Provided data START
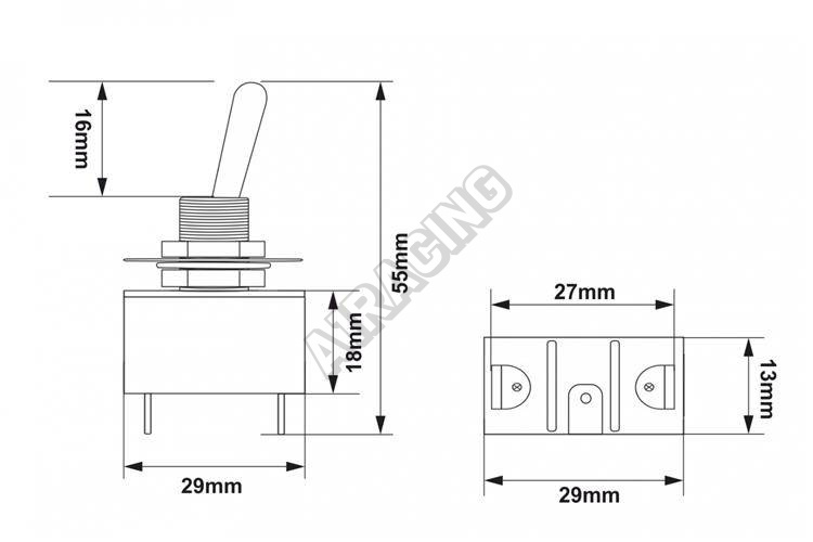 Univerzální jednopolohový přepínač typu Toggle. Vyrobeno z kovu. Napětí 12V, proud 20A.
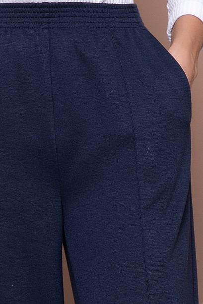 Брюки из трикотажно полотна расширенные к низу по поясу с эластичной резиной и функциональными карманами.Цвет: т.синий. 50% вискоза,45% п/э,5% лайкра Комментарии к товару
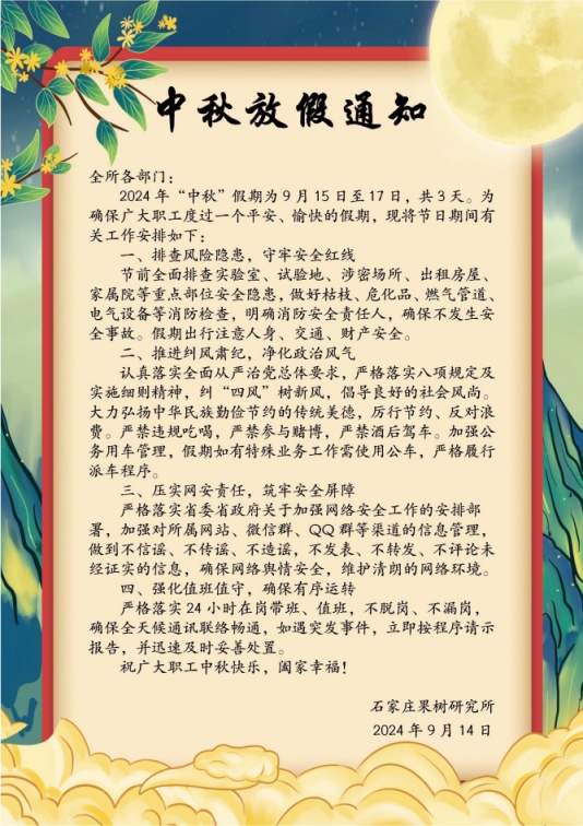 2024年中秋節(jié)放假通知
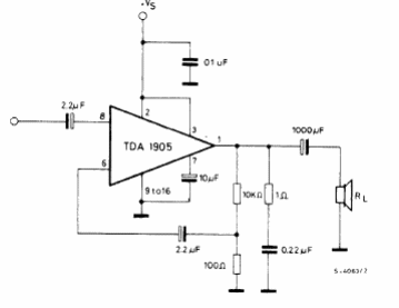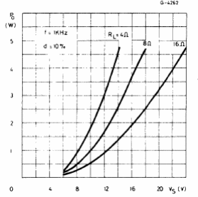 El circuito integrado utilizado en este amplificador, del manual de circuitos integrados lineales de la SGS de 1982, no es común en nuestros días. La potencia de salida depende de la alimentación y de la carga según el gráfico dado junto al diagrama.
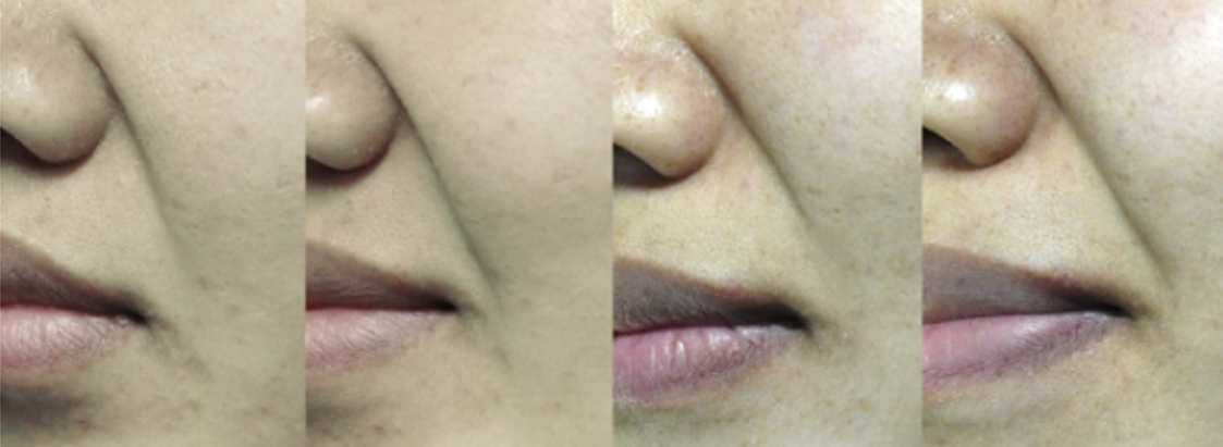 위의 사진들은 모두 동일한 사례의 사진이지만, 환자의 상황에 따라서 팔자주름이 다르게 잡히는 것을 보여주는데요.
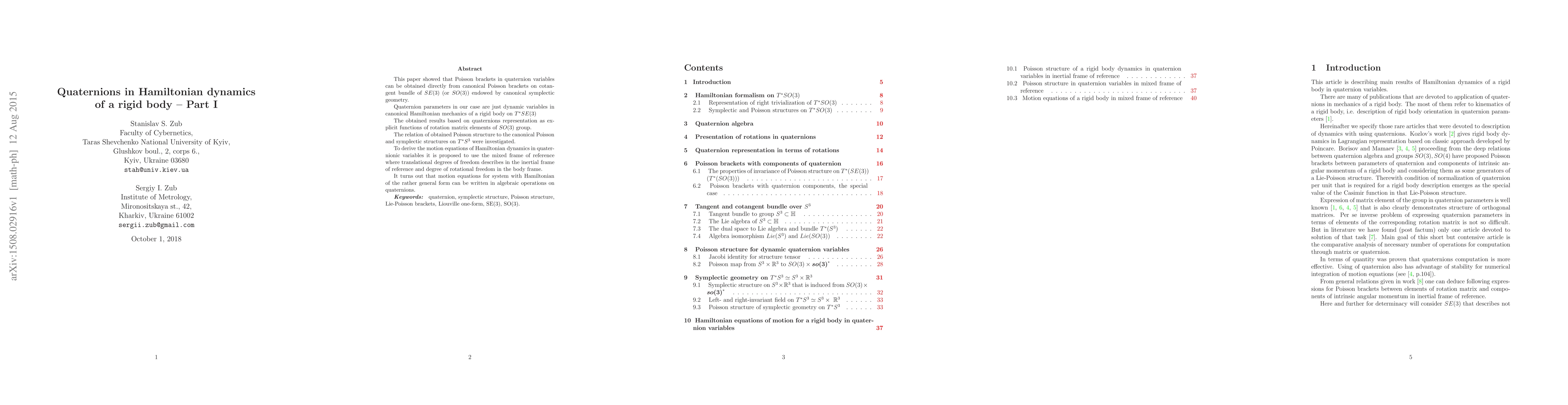 Researchers found that quaternions can be used to represent a rigid body in Hamiltonian dynamics, allowing for motion equations to be written in algebraic operations on quaternions.
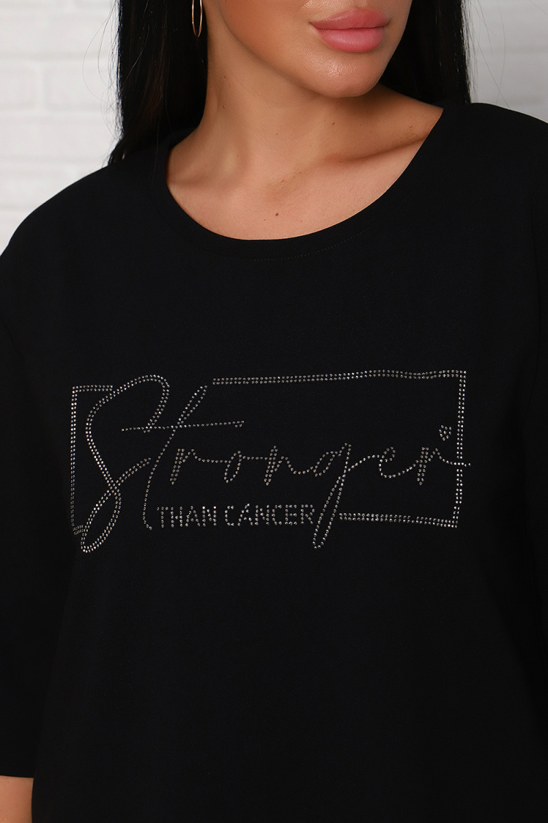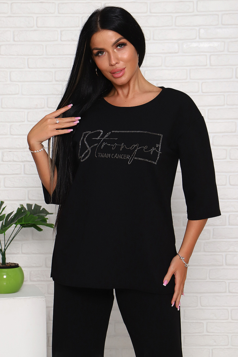 Модель свободного силуэта, на передней части верха стильный принт из страз. Костюм изготовлен из трикотажной комфортной ткани креп, она приятна к телу и на ощупь,не мнётся. Смотрится костюм стильно и современно, подойдёт и для повседневной носки , уместен и для торжества. Длина рукава в замерах указана от начала горловины
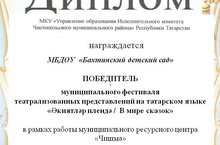 Мы победители муниципального фестиваля театрализованных представлений на татарском языке "Экиятлэр илендэ\В мире сказок"
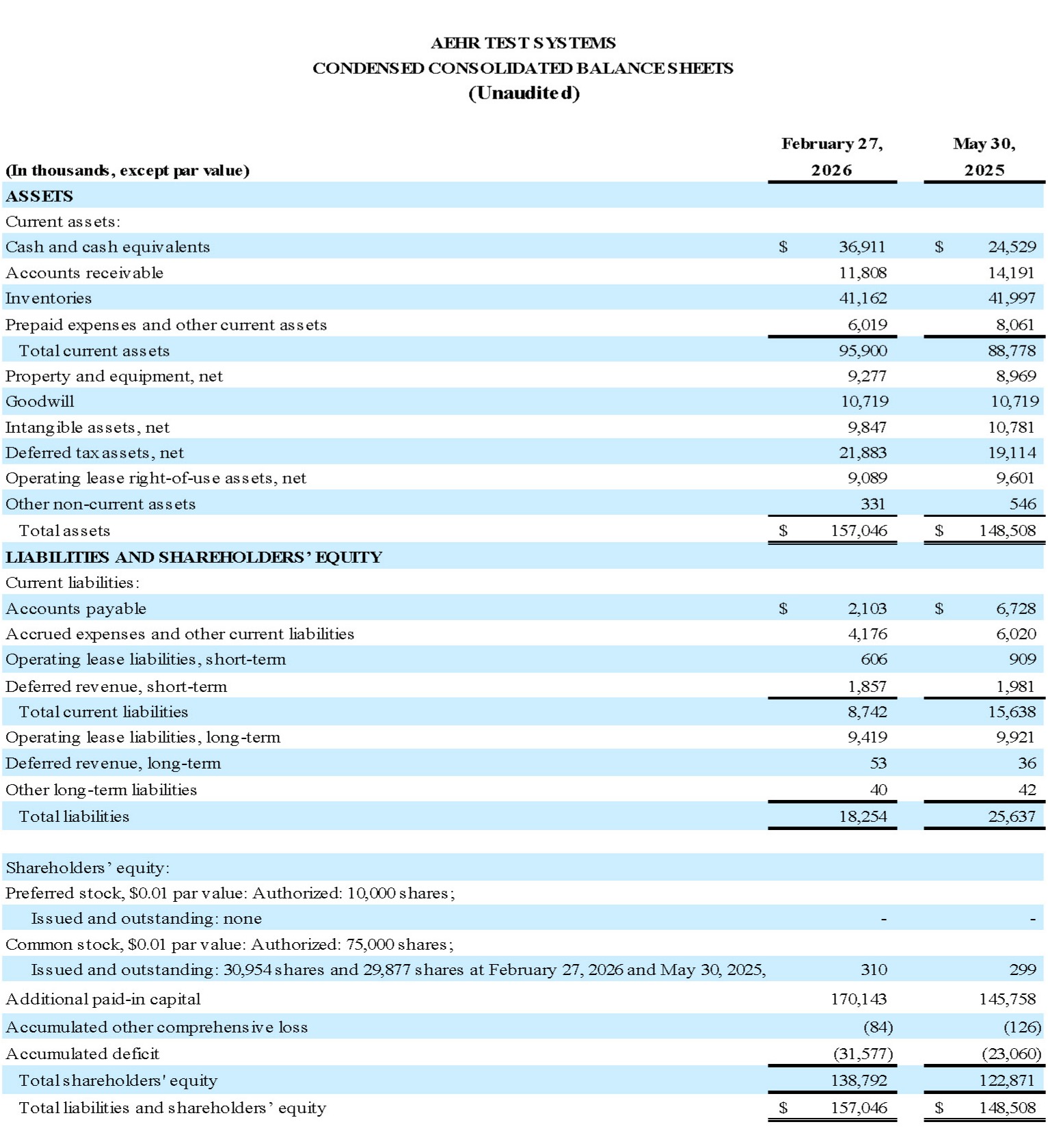 This press release contains certain forward-looking statements within the meaning of Section 27A of the Securities Act of 1933 and Section 21E of the Securities Exchange Act of 1934. Forward-looking statements generally relate to future events or Aehr’s future financial or operating performance. In some cases, you can identify forward-looking statements because they contain words such as “may,” “will,” “should,” “expects,” “plans,” “anticipates,” “going to,” “could,” “intends,” “target,” “projects,” “contemplates,” “believes,” “estimates,” “predicts,” “potential,” or “continue,” or the negative of these words or other similar terms or expressions that concern Aehr’s expectations, strategy, priorities, plans, or intentions. Forward-looking statements in this press release include, but are not limited to, future bookings, benchmark evaluations and product development from Aehr’s new and existing customers; future applications and orders for the AI processors, test solutions for AI semiconductor manufacturers and the Sonoma system; revenue and revenue growth forecasted; financial performance and bookings forecasted; financial guidance for the second half of fiscal 2026 and the full fiscal year 2027; expectations regarding current and future partnerships; expectations regarding industry demand and emerging technologies as a whole and smaller segments within it; and the ability for Aehr to successfully enter new markets. The forward-looking statements contained in this press release are also subject to other risks and uncertainties, including those more fully described in Aehr’s recent Form 10-K, 10-Q and other reports filed from time to time with the Securities and Exchange Commission. Aehr disclaims any obligation to update information contained in any forward-looking statement to reflect events or circumstances occurring after the date of this press release.
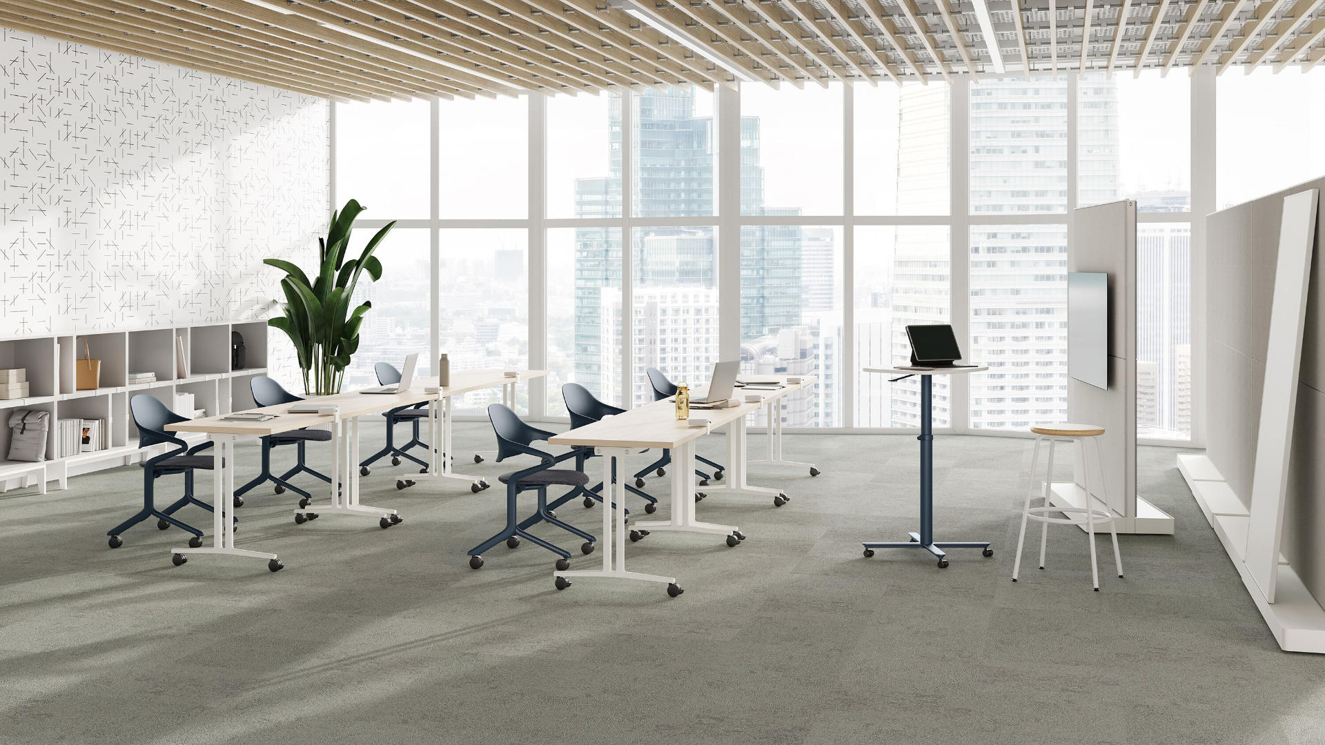 Con su estética refrescante, Fuld se destaca entre las sillas nido, lo que te permite reconfigurar el espacio para diferentes usos, como sesiones de trabajo y eventos educativos, sin sacrificar el estilo. Diseñada para la practicidad, cuenta con asientos abatibles y patas que salvan paredes, ya que evitan que el respaldo roce contra las paredes. Las líneas únicas y el aspecto monocromático o multicolor de Fuld dan vida a cualquier espacio, incluso cuando se almacenan al aire libre, lo que demuestra que lo funcional puede ser atrevido.
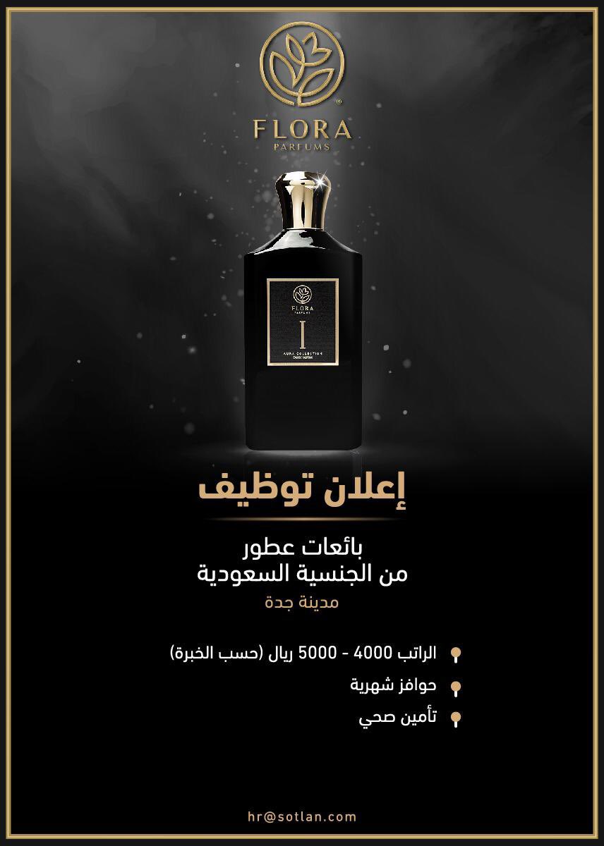 توفر وظائف شاغرة للعمل بمجال مبيعات العطور في كبرى المولات بمدينة جدة - مع ملاحظة أن التقديم متاح للسعوديين فقط، وفقا للتفاصيل التالية:
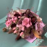 Хлопок натуральный – 3 шт.Цветы стабилизированные – 3 шт.Озотамнус розовый – 5 шт.перо декоративное – 1 шт.Эвкалипт стабилизированный – 5 шт.Лимониум – 1 шт.Лагурус – 9 шт.фаларис розовый – 9 шт.Скабиоза – 5 шт.антуриум сухоцвет – 3 шт.мак коробка – 1 шт.пампасная трава – 2 шт.Тишью – 3 шт.ленты атласные – 2 шт.
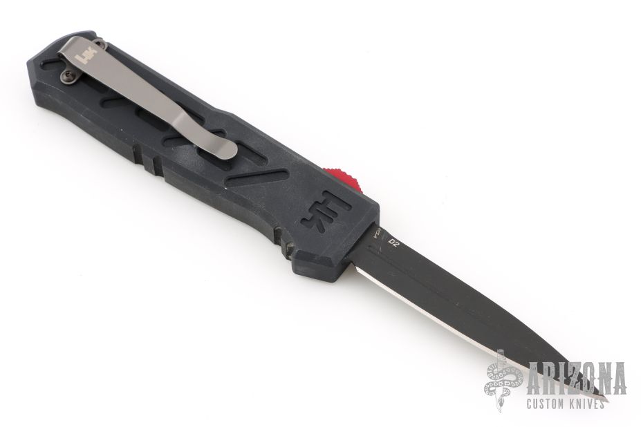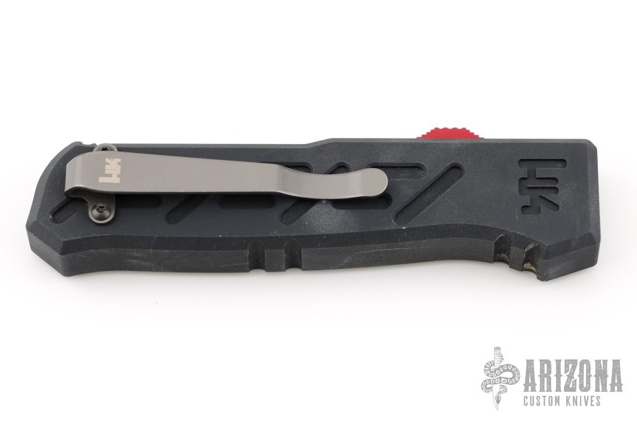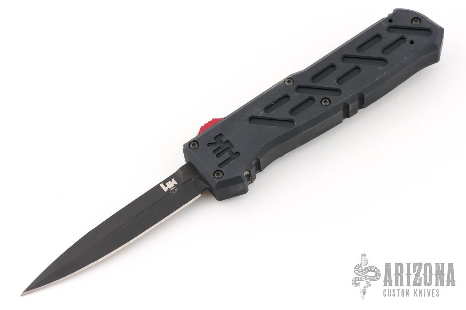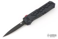 This Epidemic OTF was made by Benchmade for Heckler and Koch. It features a black finished spear point blade with false top edge. The handle is comprised of black machined aluminum with a tip down carry pocket clip. Has scuffs and scratches, good condition otherwise.
Provided data END
Directions »
Above are the records; copy exactly the lines from the one with "Researchers found that" through the one with "Мы победители муниципального", including both, and nothing more. Leave out pictures.

Task response »
 Researchers found that quaternions can be used to represent a rigid body in Hamiltonian dynamics, allowing for motion equations to be written in algebraic operations on quaternions.
 Модель свободного силуэта, на передней части верха стильный принт из страз. Костюм изготовлен из трикотажной комфортной ткани креп, она приятна к телу и на ощупь,не мнётся. Смотрится костюм стильно и современно, подойдёт и для повседневной носки , уместен и для торжества. Длина рукава в замерах указана от начала горловины
 Мы победители муниципального фестиваля театрализованных представлений на татарском языке "Экиятлэр илендэ\В мире сказок"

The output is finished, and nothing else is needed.